Extracted records:
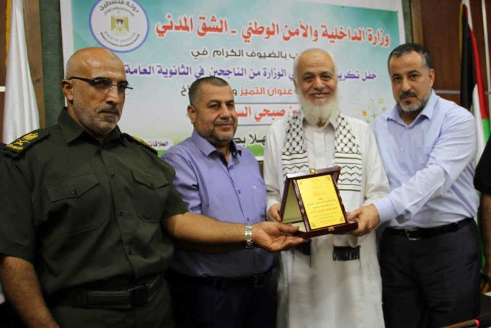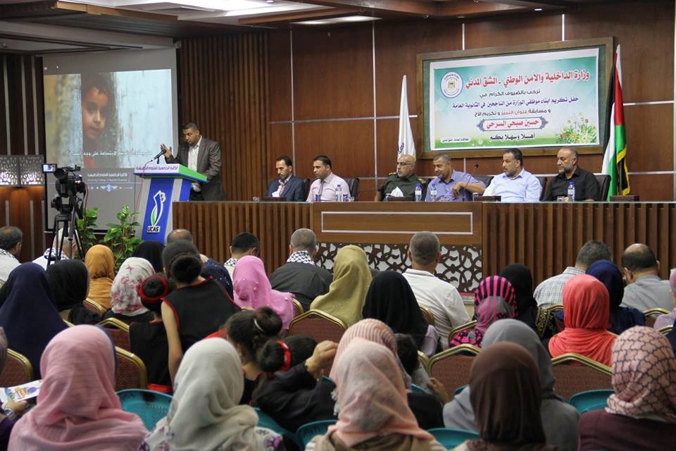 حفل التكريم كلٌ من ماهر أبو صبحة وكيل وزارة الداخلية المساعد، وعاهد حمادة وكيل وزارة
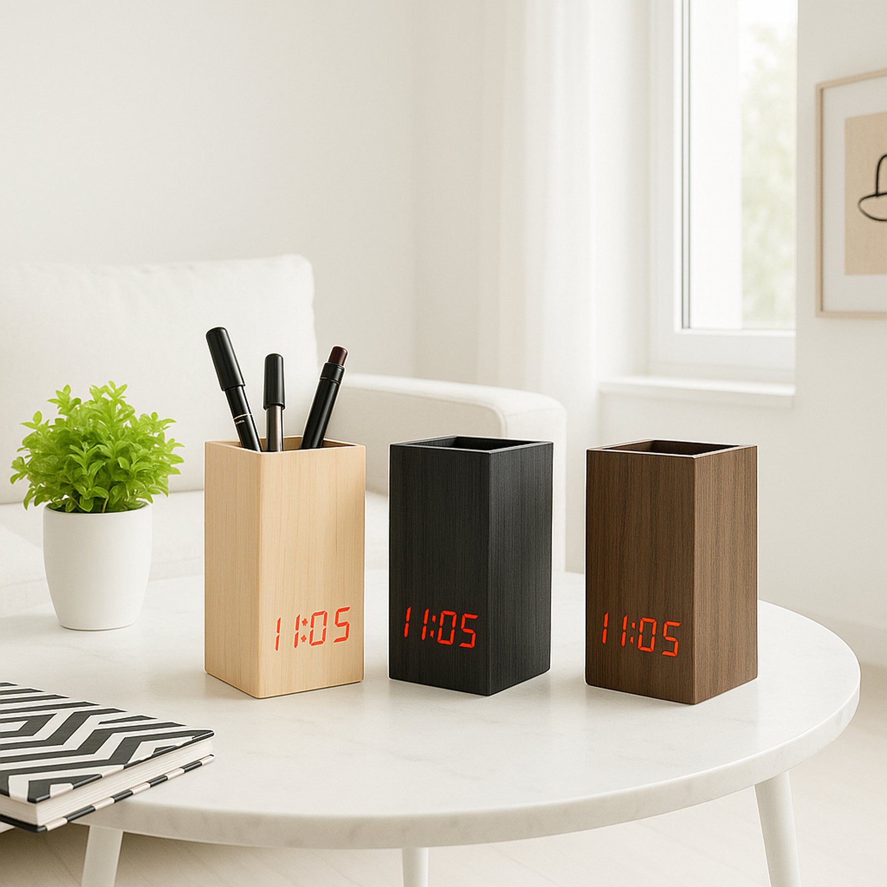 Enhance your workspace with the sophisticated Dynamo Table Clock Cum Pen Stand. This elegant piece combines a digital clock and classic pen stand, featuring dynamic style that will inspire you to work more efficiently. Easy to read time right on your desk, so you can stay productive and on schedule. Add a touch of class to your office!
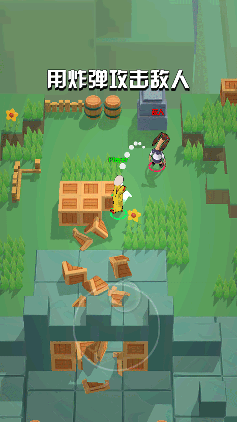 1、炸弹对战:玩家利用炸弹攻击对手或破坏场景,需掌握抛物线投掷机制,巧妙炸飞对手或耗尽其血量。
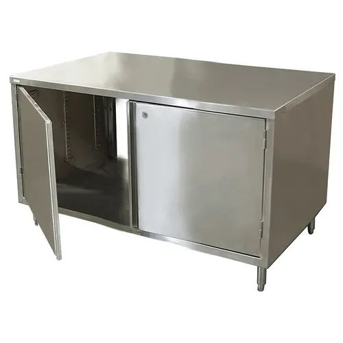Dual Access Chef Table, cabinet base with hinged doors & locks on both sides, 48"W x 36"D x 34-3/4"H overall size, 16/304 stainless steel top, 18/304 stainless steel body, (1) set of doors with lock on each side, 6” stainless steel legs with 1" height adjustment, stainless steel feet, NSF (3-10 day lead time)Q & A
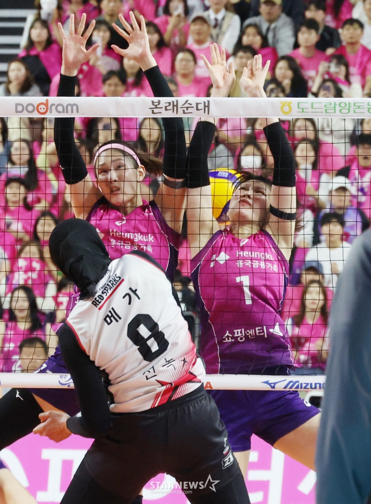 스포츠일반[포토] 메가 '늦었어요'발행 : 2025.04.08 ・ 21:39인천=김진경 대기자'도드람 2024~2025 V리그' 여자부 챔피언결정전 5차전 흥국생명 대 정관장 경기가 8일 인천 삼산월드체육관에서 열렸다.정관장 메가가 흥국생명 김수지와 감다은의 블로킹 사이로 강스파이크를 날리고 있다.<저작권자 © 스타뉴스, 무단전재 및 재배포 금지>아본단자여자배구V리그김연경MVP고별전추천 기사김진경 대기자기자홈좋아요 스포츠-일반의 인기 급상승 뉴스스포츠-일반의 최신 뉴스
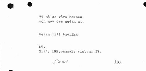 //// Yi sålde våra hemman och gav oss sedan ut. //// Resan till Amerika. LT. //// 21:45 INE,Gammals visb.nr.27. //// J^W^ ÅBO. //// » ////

How to complete this task :: Please reproduce the entries above exactly, omitting every picture.

Solved exercise ::
 حفل التكريم كلٌ من ماهر أبو صبحة وكيل وزارة الداخلية المساعد، وعاهد حمادة وكيل وزارة
 Enhance your workspace with the sophisticated Dynamo Table Clock Cum Pen Stand. This elegant piece combines a digital clock and classic pen stand, featuring dynamic style that will inspire you to work more efficiently. Easy to read time right on your desk, so you can stay productive and on schedule. Add a touch of class to your office!
 1、炸弹对战:玩家利用炸弹攻击对手或破坏场景,需掌握抛物线投掷机制,巧妙炸飞对手或耗尽其血量。
Dual Access Chef Table, cabinet base with hinged doors & locks on both sides, 48"W x 36"D x 34-3/4"H overall size, 16/304 stainless steel top, 18/304 stainless steel body, (1) set of doors with lock on each side, 6” stainless steel legs with 1" height adjustment, stainless steel feet, NSF (3-10 day lead time)Q & A
 스포츠일반[포토] 메가 '늦었어요'발행 : 2025.04.08 ・ 21:39인천=김진경 대기자'도드람 2024~2025 V리그' 여자부 챔피언결정전 5차전 흥국생명 대 정관장 경기가 8일 인천 삼산월드체육관에서 열렸다.정관장 메가가 흥국생명 김수지와 감다은의 블로킹 사이로 강스파이크를 날리고 있다.<저작권자 © 스타뉴스, 무단전재 및 재배포 금지>아본단자여자배구V리그김연경MVP고별전추천 기사김진경 대기자기자홈좋아요 스포츠-일반의 인기 급상승 뉴스스포츠-일반의 최신 뉴스
 //// Yi sålde våra hemman och gav oss sedan ut. //// Resan till Amerika. LT. //// 21:45 INE,Gammals visb.nr.27. //// J^W^ ÅBO. //// » ////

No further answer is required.